August is the month of Women in Translation. So, while shopping around for more books to include in my reading project, I came across this blog post on the disparity between male/female writers and, worse, translated male/female writers. Shocking! I thought, surely I’m doing better than this and started counting …  shocking again. 19 out of 59 books I’ve read so far were written by women (plus two collections where female writers had contributed). There’s definitely much room for improvement on my part.

On a brighter note, many thanks to Flora Alexander for introducing me to Jean Rhys.

57 Croatia: Zoran Ferić – The Death of the Little Match Girl

I think, this novel has been the first book ever that I’ve read that had a transgender character. So I thought it would be a fascinating new world to explore. Sadly, the underlying stereotyping, and on top of that homophobia, made this book much less fun to read than the cover and blurb promised.

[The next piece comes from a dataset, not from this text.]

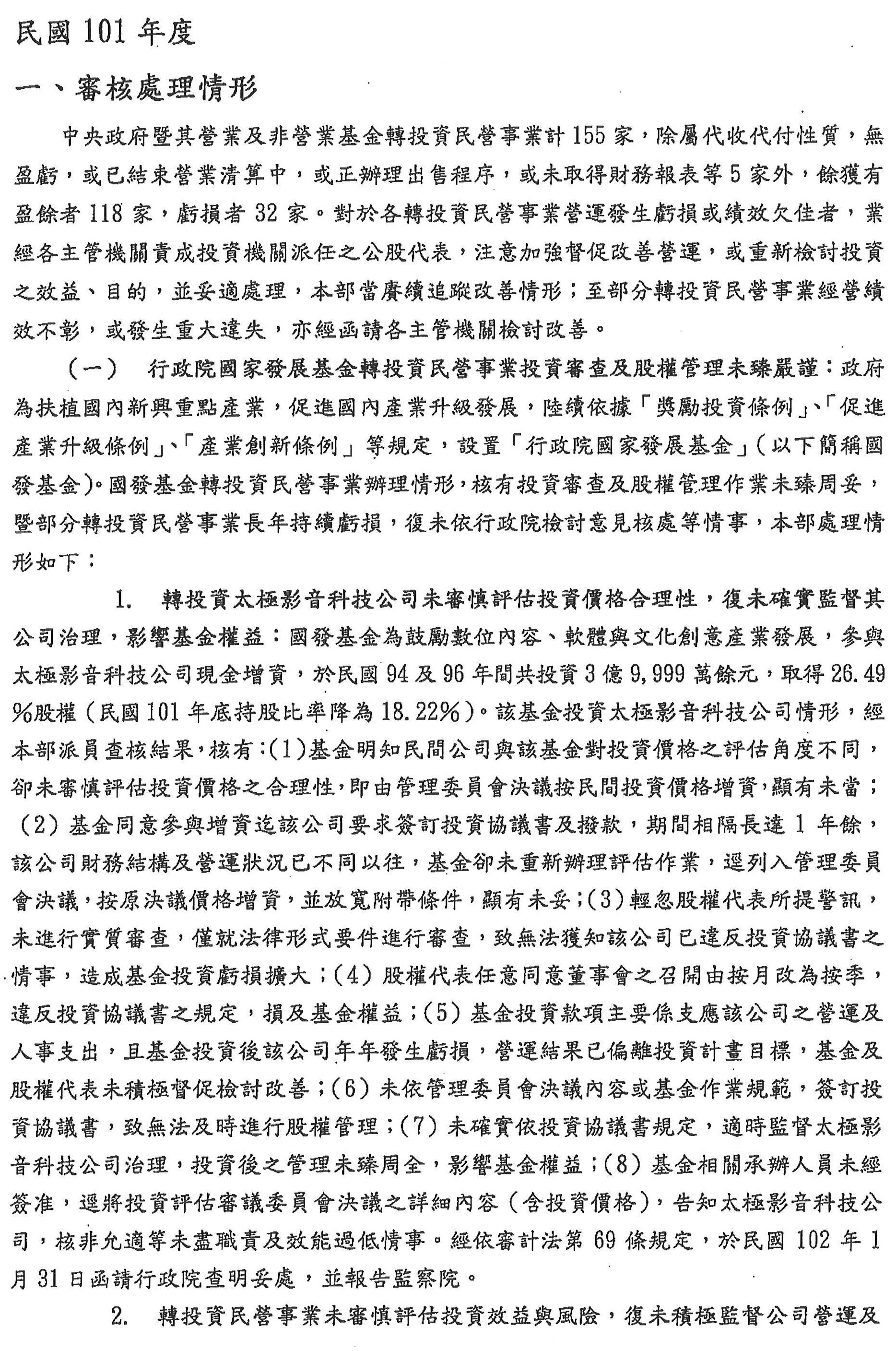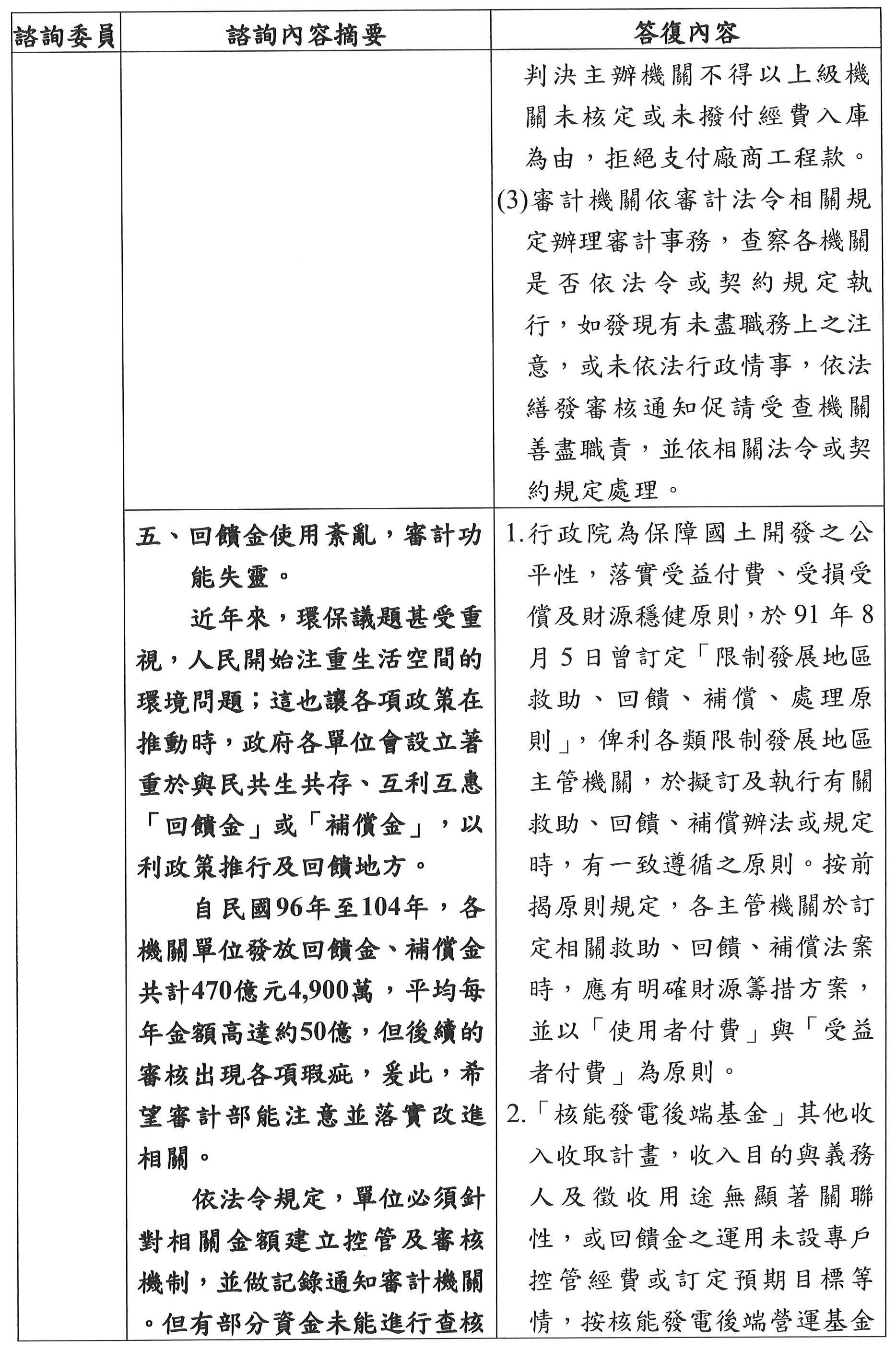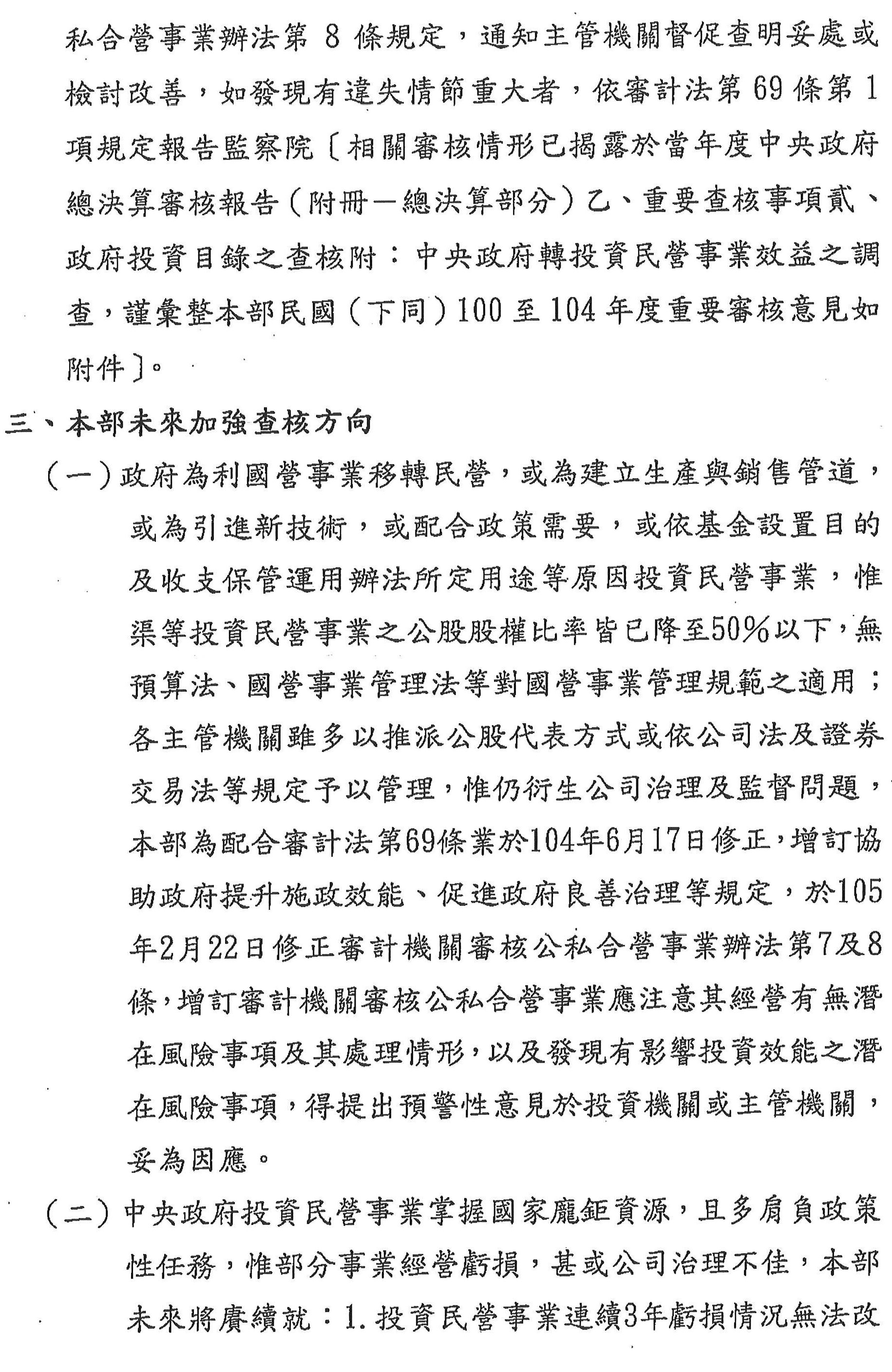 (審計部函 中華民國105年11月4日台審部國字第1050059709號)

58 Dominica: Jean Rhys – Wild Sargasso Sea

This rather exceptional take on Jane Eyre added a much-needed voice to the choir of characters. I always thought of the Caribbean as a paradise on earth, but I’m beginning to realise how wrong I was.

59 South Korea: Han Kang – The Vegetarian

This novel is probably one of the weirdest books I’ve ever read. It started off quite funny, but then suddenly took a very dark turn. I found it one of these books in which no word is superfluous. It is a disturbing work, however, in my eyes absolutely worth the praise it has got.